Dual Arm Teleoperation with ROS2 Humble

Dual-UR5e teleoperation in ROS2 via keyboard or real-time MediaPipe hand-tracking, packaged in Docker.

This project provides a complete, container-first workspace for dual-arm teleoperation with two UR5e manipulators.
Launch files bring up RViz, drivers and optional hand-tracking so you can drive the arms with either keyboard commands or hand gestures

Live dual-arm pick-and-place demo (with webcam hand tracking).

Gesture Control Details

The Gesture control mode leverages Google’s MediaPipe Gesture Recognizer task to interpret hand poses in real time, enabling intuitive, vision-based command of the UR5e arms (ai.google.dev). The pipeline uses a palm detection model followed by a 21‑landmark hand model to track both left and right hands simultaneously (mediapipe.readthedocs.io).

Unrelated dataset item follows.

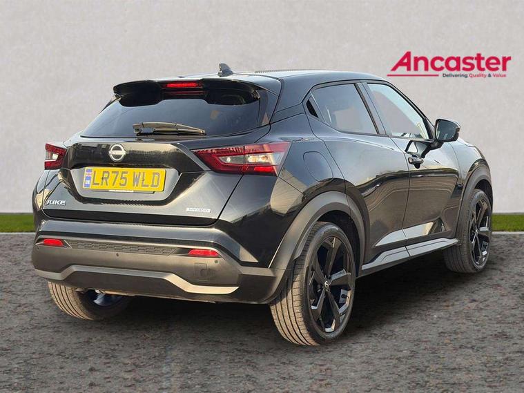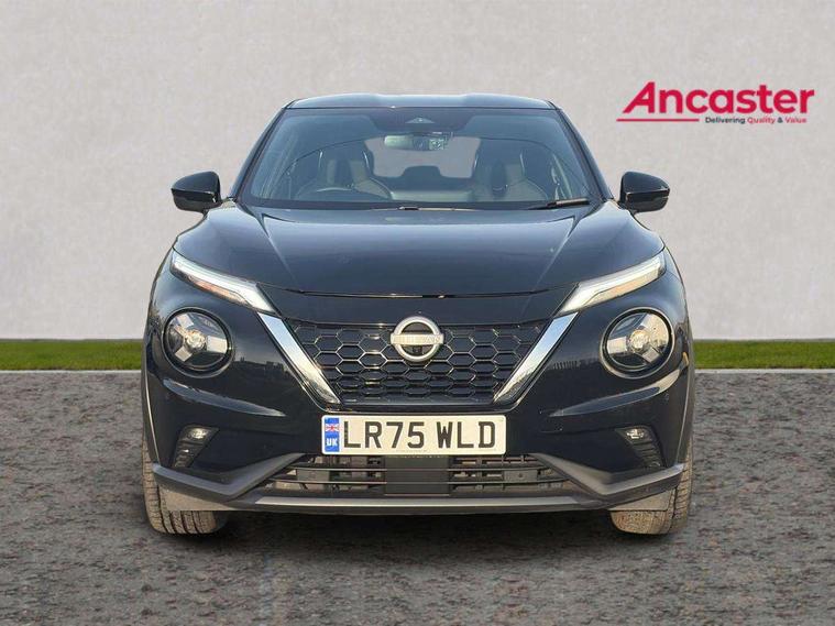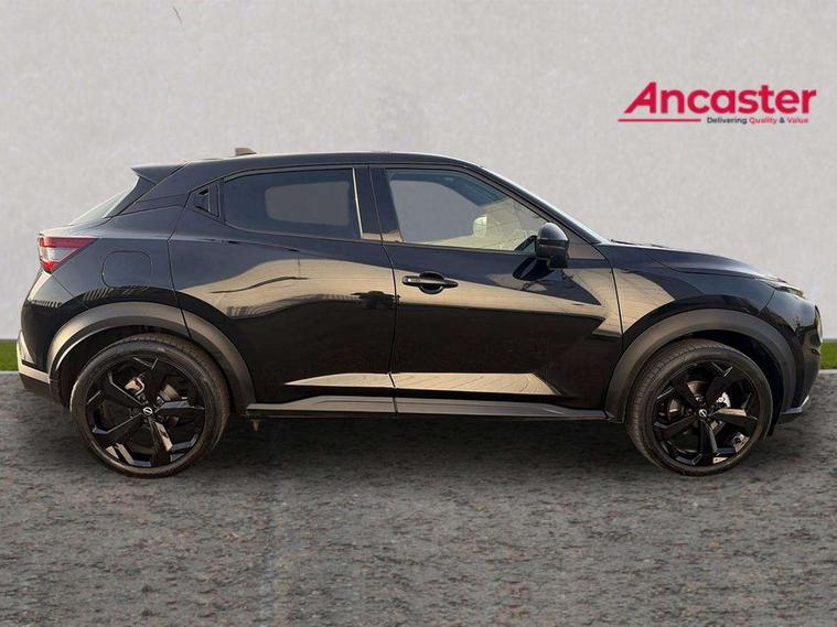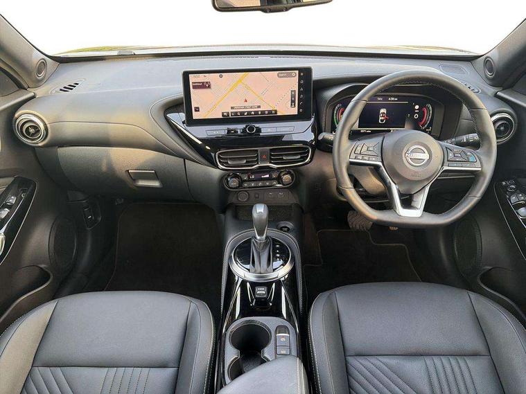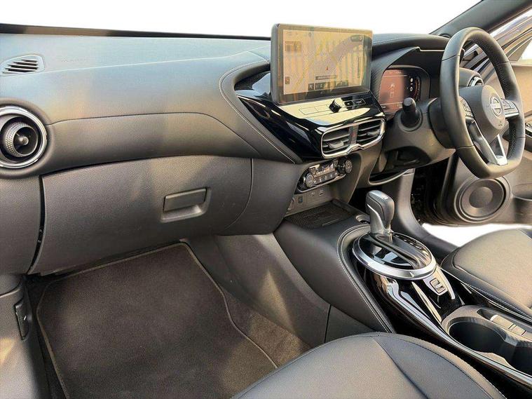 12.3" full colour TFT screen combimeter, Drive modes select (Eco, normal and sport), e-Pedal step, Emergency and breakdown call, EV mode switch, Front parking sensor, Intelligent driver alert system, Intelligent lane intervention, Lane departure warning system, Nissan connect 12.3" touch screen entertainment system, Nissan connect nav with TomTom traffic, Nissan connect services, Outside temperature sensor, Power Steering, Rear parking sensor, Stop/start button, Traffic sign recognition, Trip computer, Voice recognition, WiFi connectivity, Wireless Apple CarPlay and Google Android auto, Wireless Smartphone charger, 10 Bose speakers 8 speakers and 2 headrest speakers for driver/passenger seats, 2 X Rear console USB port, Bluetooth system, USB, Aux-in and 12V socket, Bose personal plus audio system, DAB Digital radio, Auto dimming frameless rear view mirror, Automatic hazard signal with emergency stop signal, Body colour door handles, Electrically adjustable door mirrors with integrated indicators, Follow me home headlights, Front and rear electric window with one touch driver window, High beam assist, LED 3rd brake light, LED daytime running lights, LED front fog lights, LED headlamps, LED rear fog lamp, LED rear lamps, One touch passenger window, Rear privacy glass, Rear side wing doors, Rear wiper, Roof spoiler, Shark fin roof antenna in solid Black, Solid black door mirrors, Three blink turn signal, 3 height adjustable rear headrests, 3 seat bench in 2nd row, 60/40 split folding rear seat, Card holder on driver sunvisor, Door ambient lighting, Driver seat back pocket, Driver side rear coat hanger, Driver/passenger sunvisors and vanity mirrors, Front and rear cabin lights, Front armrest, Front door pockets with bottle holders, Front head restraints, Front/rear passenger grab handles, Gear console ambient circle lighting, Height adjustable driver's seat, Internal chrome door handles, Luggage board, Luggage space lighting, Monoform sporty seats, Multifunction steering wheel, Passenger seat back pocket, Rear door bottle holders, Single front passenger seat, Smooth synthetic leather steering wheel, Synthetic leather kneepad, Synthetic leather shift knob, Synthetic leather upholstery, Telescopic steering wheel adjustment, Two cupholders in front centre console, Two rear isofix child seat anchorage points with top tether, Welcome light and console tray ambient lighting, Comfort pack - Juke, Heat pack with height adjustable passenger seats - Juke, ProPilot pack - Juke Auto, ABS with EBD and brake assist, Active ride control, Active Trace Control, Driver and passenger airbags, Driver and passenger side airbags, Electric handbrake with auto hold function, Electronic Stability Programme (ESP), Front and rear curtain airbags, Height adjustable seatbelts, Hill start assist, Intelligent emergency braking with pedestrian and cyclist recognition, Rear door child safety locks, Seatbelt reminder for driver/front passenger and rear seats, Three 3 point rear seatbelts, Traction control, Tyre pressure monitoring system, VDC Dynamic Vehicle Control, Alarm, Immobiliser, Intelligent key and start push button with walk away lock and approach unlock functions, Remote central locking, 19" Alloy wheels, Tyre puncture repair kit,

Recognized gestures include:

Activation / Deactivation

  • Activation Gesture: ILoveYou (🤟) held for ~1 second
    On detection, the node sets the current hand pose as the baseline and enters ACTIVE mode.
  • Deactivation Conditions:
    • Hand leaves the camera view for ~1.3 seconds, or
    • Closed_Fist (✊) held for ~1.3 seconds
      The node then clears the baseline and enters INACTIVE mode. In INACTIVE mode, no commands are published.

Motion Control (ACTIVE only)

  • Translation: continuous hand movement within a 2D plane is mapped to end-effector linear velocity:
    • X-axis ← left/right hand moves
    • Y-axis ← forward/back hand moves
    • Z-axis ← near/far hand moves
  • Rotation Gestures (yaw control):
    • Pointing_Up (☝️) → positive yaw rate
    • Victory (✌️) → negative yaw rate
  • Sensitivity & Deadzone: configurable parameters for smooth responsiveness and ignore small jitters.

Gripper Control (ACTIVE only)

  • Open Gripper: hold Thumbs_Up (👍) for ~1 second
  • Close Gripper: hold Thumbs_Down (👎) for ~1 second
  • Intermediate or different gestures reset the open/close hold counters to prevent accidental triggers.

Each gesture is classified by a lightweight MLP trained on historical fingertip trajectories. Robustness is enhanced through exponential smoothing and dead-zone thresholds, filtering out jitter and ensuring operator safety.